:: To do ::
Reproduce all the lines below exactly and omit the images.
****************
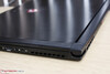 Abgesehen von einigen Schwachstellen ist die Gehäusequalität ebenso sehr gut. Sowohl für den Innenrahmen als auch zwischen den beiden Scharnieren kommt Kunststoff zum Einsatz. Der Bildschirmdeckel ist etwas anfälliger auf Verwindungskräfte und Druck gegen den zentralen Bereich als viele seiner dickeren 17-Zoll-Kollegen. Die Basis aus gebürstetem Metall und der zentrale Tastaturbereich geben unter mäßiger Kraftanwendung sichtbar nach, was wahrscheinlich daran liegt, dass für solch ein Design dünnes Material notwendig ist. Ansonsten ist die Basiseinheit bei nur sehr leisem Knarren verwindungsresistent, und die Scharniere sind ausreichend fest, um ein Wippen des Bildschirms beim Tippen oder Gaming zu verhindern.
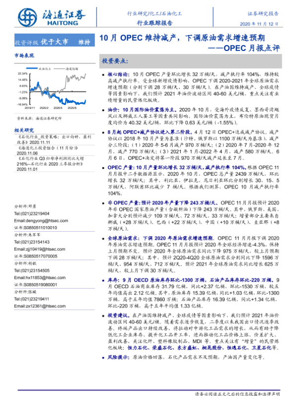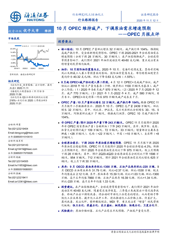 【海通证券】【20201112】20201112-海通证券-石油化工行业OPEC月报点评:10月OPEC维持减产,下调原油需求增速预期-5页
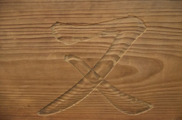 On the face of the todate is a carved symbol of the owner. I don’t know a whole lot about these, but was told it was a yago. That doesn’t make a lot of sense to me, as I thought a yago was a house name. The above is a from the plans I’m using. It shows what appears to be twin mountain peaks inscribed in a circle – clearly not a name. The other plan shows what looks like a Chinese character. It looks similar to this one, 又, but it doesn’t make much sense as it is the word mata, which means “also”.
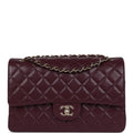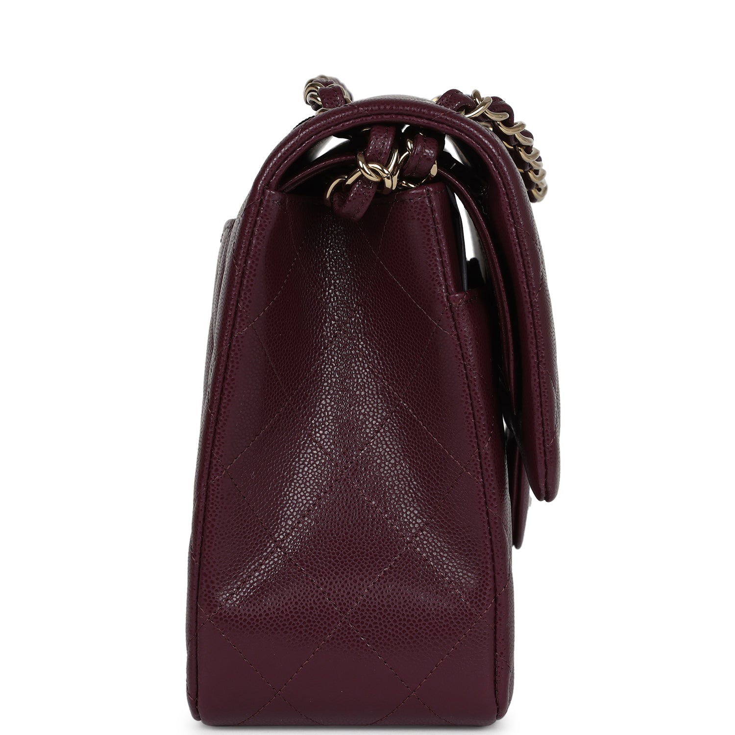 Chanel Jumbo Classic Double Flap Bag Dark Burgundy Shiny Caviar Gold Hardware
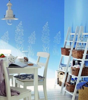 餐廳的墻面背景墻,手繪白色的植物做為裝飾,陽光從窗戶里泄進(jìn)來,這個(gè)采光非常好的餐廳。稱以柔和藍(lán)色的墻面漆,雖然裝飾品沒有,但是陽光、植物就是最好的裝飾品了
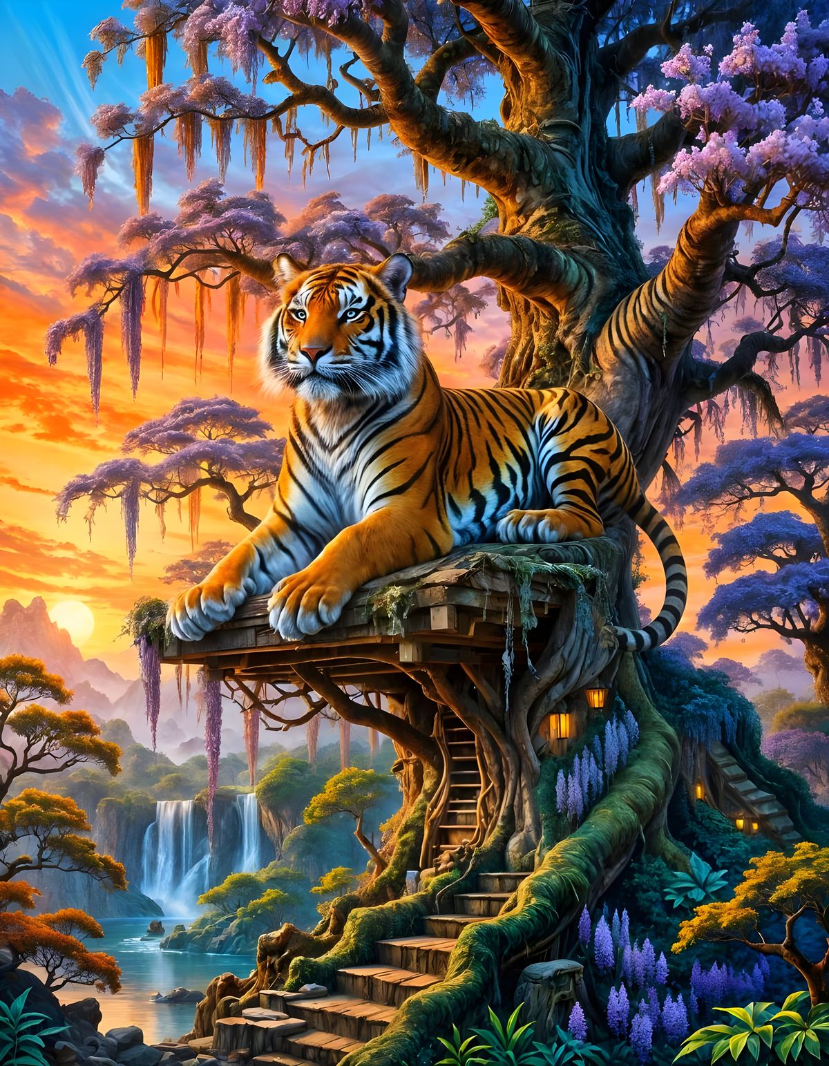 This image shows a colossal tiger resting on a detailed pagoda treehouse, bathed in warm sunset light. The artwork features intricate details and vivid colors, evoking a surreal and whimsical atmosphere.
****************
:: Answer space ::
 Abgesehen von einigen Schwachstellen ist die Gehäusequalität ebenso sehr gut. Sowohl für den Innenrahmen als auch zwischen den beiden Scharnieren kommt Kunststoff zum Einsatz. Der Bildschirmdeckel ist etwas anfälliger auf Verwindungskräfte und Druck gegen den zentralen Bereich als viele seiner dickeren 17-Zoll-Kollegen. Die Basis aus gebürstetem Metall und der zentrale Tastaturbereich geben unter mäßiger Kraftanwendung sichtbar nach, was wahrscheinlich daran liegt, dass für solch ein Design dünnes Material notwendig ist. Ansonsten ist die Basiseinheit bei nur sehr leisem Knarren verwindungsresistent, und die Scharniere sind ausreichend fest, um ein Wippen des Bildschirms beim Tippen oder Gaming zu verhindern.
 【海通证券】【20201112】20201112-海通证券-石油化工行业OPEC月报点评:10月OPEC维持减产,下调原油需求增速预期-5页
 On the face of the todate is a carved symbol of the owner. I don’t know a whole lot about these, but was told it was a yago. That doesn’t make a lot of sense to me, as I thought a yago was a house name. The above is a from the plans I’m using. It shows what appears to be twin mountain peaks inscribed in a circle – clearly not a name. The other plan shows what looks like a Chinese character. It looks similar to this one, 又, but it doesn’t make much sense as it is the word mata, which means “also”.
 Chanel Jumbo Classic Double Flap Bag Dark Burgundy Shiny Caviar Gold Hardware
 餐廳的墻面背景墻,手繪白色的植物做為裝飾,陽光從窗戶里泄進(jìn)來,這個(gè)采光非常好的餐廳。稱以柔和藍(lán)色的墻面漆,雖然裝飾品沒有,但是陽光、植物就是最好的裝飾品了
 This image shows a colossal tiger resting on a detailed pagoda treehouse, bathed in warm sunset light. The artwork features intricate details and vivid colors, evoking a surreal and whimsical atmosphere.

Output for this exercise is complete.